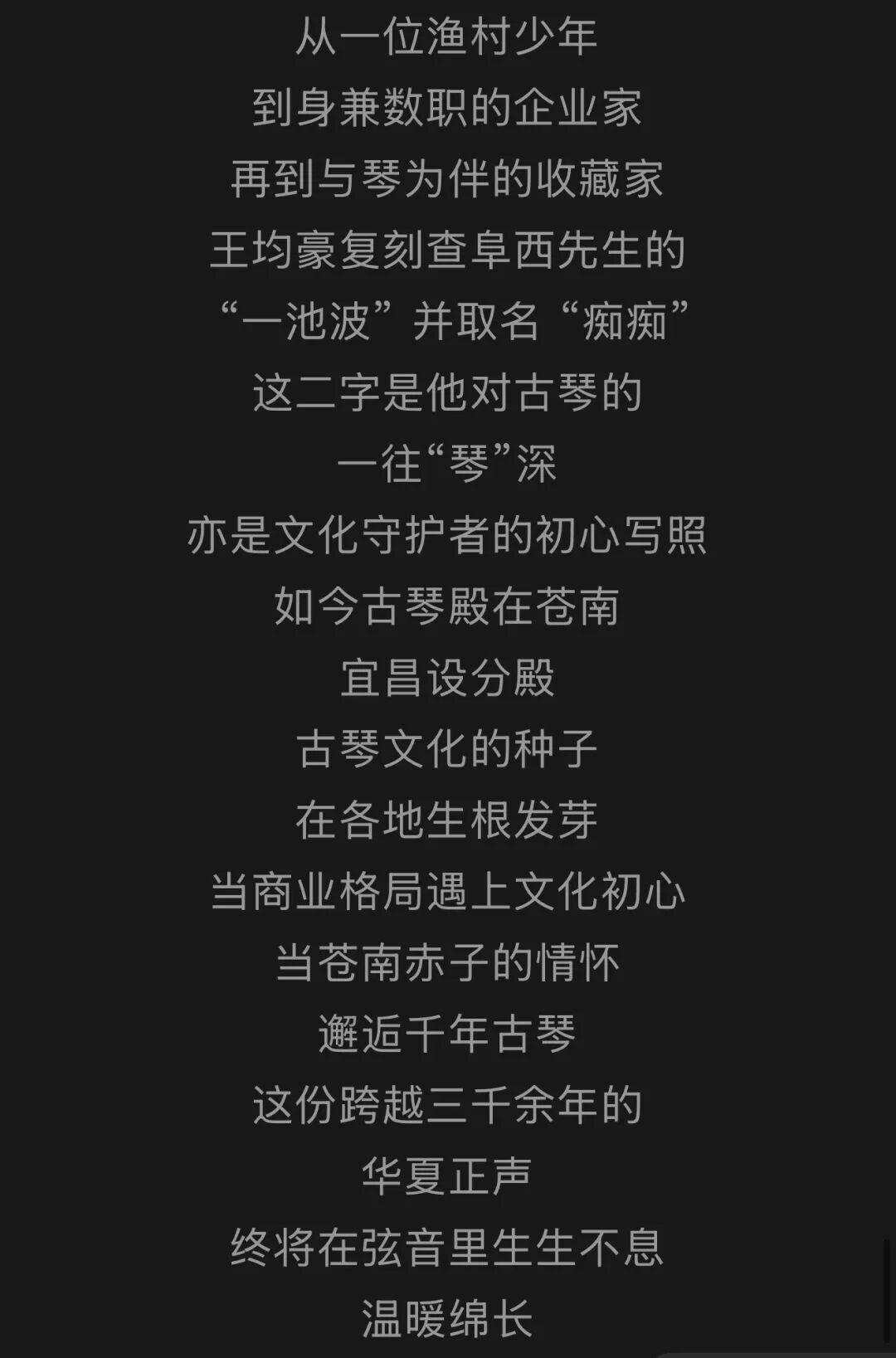 1972年生于温州苍南长江国际商会名誉会长均瑶集团总裁均瑶健康董事长含笑相迎暖意融融以馆藏古弦弹奏《梅花》清越琴音绕梁悠悠古意漫溢厅堂他谦称自己"乱弹琴"其实不然他弹起古琴也是一位好手琴声悠扬让人陶醉
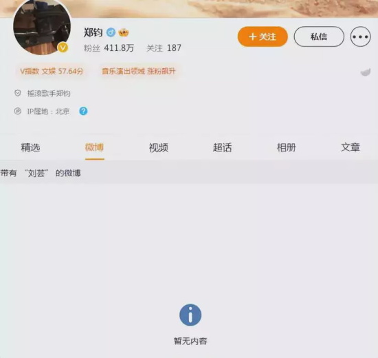 之所以这么说,是因为有人去了郑钧的账号,搜索刘芸的名字,结果是“暂时没有内容”。
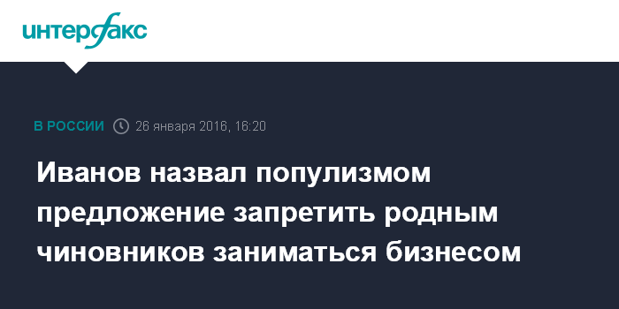 Иванов назвал популизмом предложение запретить родным чиновников заниматься бизнесом

Activity:
Copy everything in the listing above exactly except the pictures.

Solution to this task:
 1972年生于温州苍南长江国际商会名誉会长均瑶集团总裁均瑶健康董事长含笑相迎暖意融融以馆藏古弦弹奏《梅花》清越琴音绕梁悠悠古意漫溢厅堂他谦称自己"乱弹琴"其实不然他弹起古琴也是一位好手琴声悠扬让人陶醉
 之所以这么说,是因为有人去了郑钧的账号,搜索刘芸的名字,结果是“暂时没有内容”。
 Иванов назвал популизмом предложение запретить родным чиновников заниматься бизнесом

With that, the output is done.